“Foucault at the Movies” by Patrice Maniglier and Dork Zabunyan— A Philosopher and Film

Maniglier, Patrice and Dork Zabunyan, “Foucault at the Movies”, translated by Clare O’Farrell, Oxford University Press, 2018.

A Philosopher and Film

Amos Lassen

I do not remember that Michel Foucault was a film bug but that could be just because I did not pay attention; something that is hard to do when dealing with a great mind. I now know that his “work on film, although not extensive, compellingly illustrates the power of bringing his unique vision to bear on the subject and offers valuable insights into other aspects of his thought.” This new volume brings together all of Foucault’s commentary on film, some of it available for the first time in English and with important contemporary analyses and further extensions of this work.

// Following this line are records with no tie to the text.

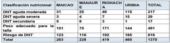 [15] De acuerdo con el portal SINERGIA, en desarrollo de los Comité de Emergencia Nutricional, se registró por parte de las EAPB el seguimiento efectivo de 1370 niños y niñas con DNT (82,9 %). El porcentaje de seguimiento efectivo por municipio fue en Uribia del 78,2% (460), Maicao el 84,2% (263), Manaure el 85,7% (228) y el Distrito de Riohacha el 86,2% (419). La fórmula del indicador es la siguiente: (Número de niños niñas de 0 a 59 meses de edad, atendidos y en seguimiento en el marco del comité de emergencia / Número de niños niñas de 0 a 59 meses de edad identificados en el marco del comité de emergencia) *100.
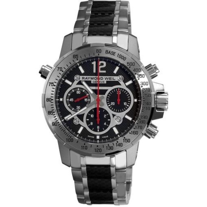 Raymond Weil - бренд из Швейцарии, получивший всемирную известность. Данные часы (Nabucco 7800-TCF-05207) - яркие его представители. Часы Раймонд Велл никогда не выйдут из моды, поскольку представляют собой олицетворение классики. Удобные часы, тип калибра - механический. В качестве материала корпуса используется сталь+титан. Материалом браслета является титан. На циферблате есть указатель даты. Среди прочих преимуществ часов - их водостойкость. Габариты корпуса - D 46 мм.
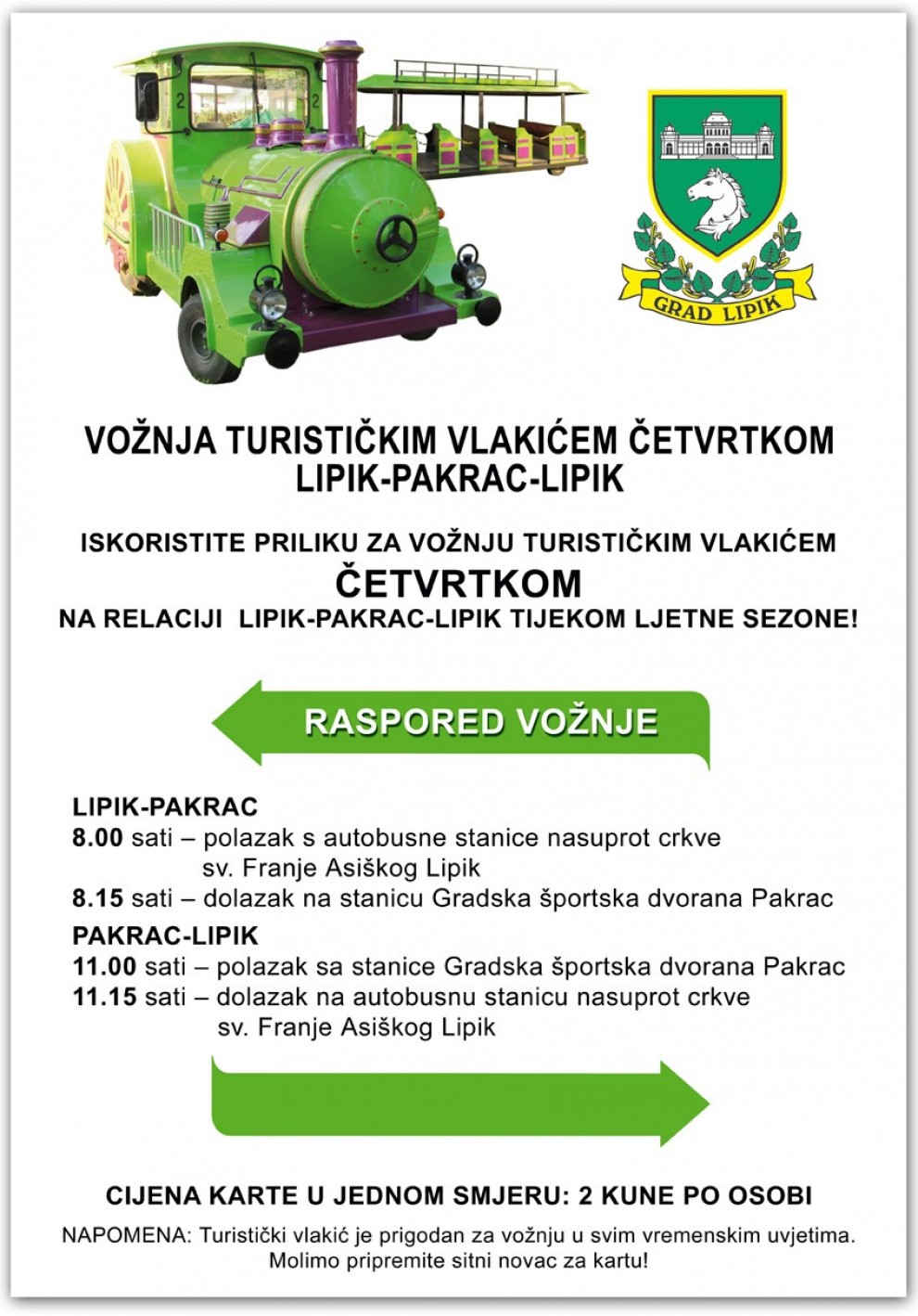 Tijekom ljetne sezone vožnja vlakićem će se održavati po cijeni od 2 kn po osobi u jednom smjeru prema sljedećem rasporedu:
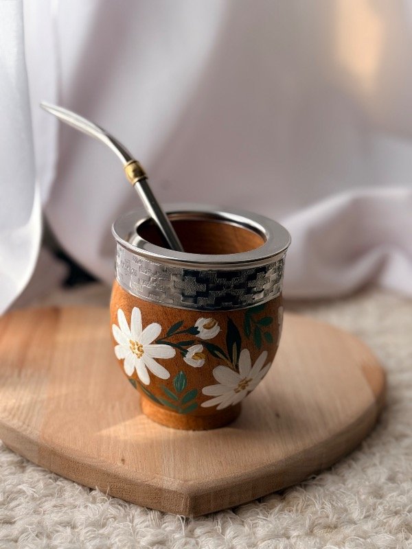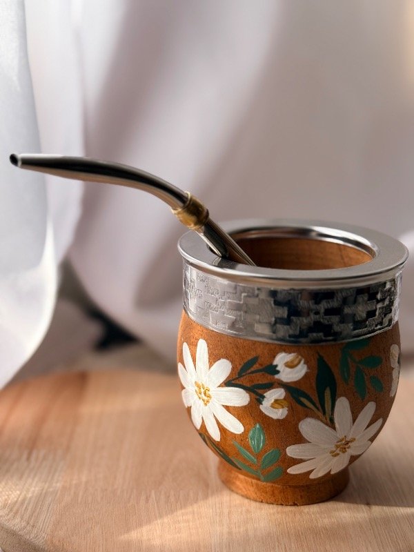 Mate imperial de algarrobo con virola en acero labrada con diseño. LAS VIROLAS VIENEN SURTIDAS, POR LO CUAL NO SON A ELECCIÓN. PUEDE SER CUALQUIERA DE LOS DOS DISEÑOS!
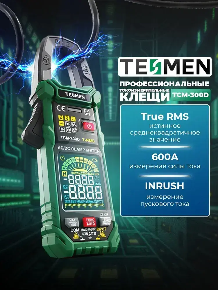 INRUSH Токовые клещи TCM-300D 6000 отсчетов T-RMS Строительный/измерительный электрический тестер для ремонта и проводки клещевой
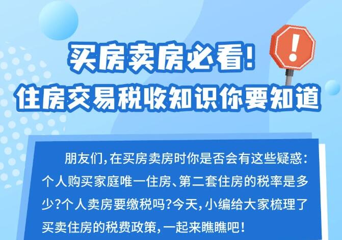 买房卖房必看!住房交易税收知识你要知道

Here we see Foucault’s writings on film “in the context of the rest of his work as well as within a broad historical and philosophical framework.” They show how Foucault’s work directly or indirectly inspired both film critics and directors in different ways and discuss his ideas in relation to significant movements within film theory and practice. Included are film reviews and discussions by Foucault as well as his interviews with the prestigious film magazine “Cahiers du cinema” and other influential journals. We have his dialogues with the noted French feminist writer Hélène Cixous and film directors Werner Schroeter and René Féret. Foucault emphasizes the relationship of film to history, the body, power and politics, knowledge, sexuality, aesthetics, and institutions of internment (all of which are his areas of expertise).

We have Foucault speaking in his own voice and saying that “the art of living” means “that psychology must be killed; that the body must be dismantled; that memory must function without remembering; and that passion is more interesting than love.” It s fascinating that what he has to say about movies increases our understanding of Foucault’s thought. This is quite a stimulating looked at a contribution from Foucault that has been not dealt with.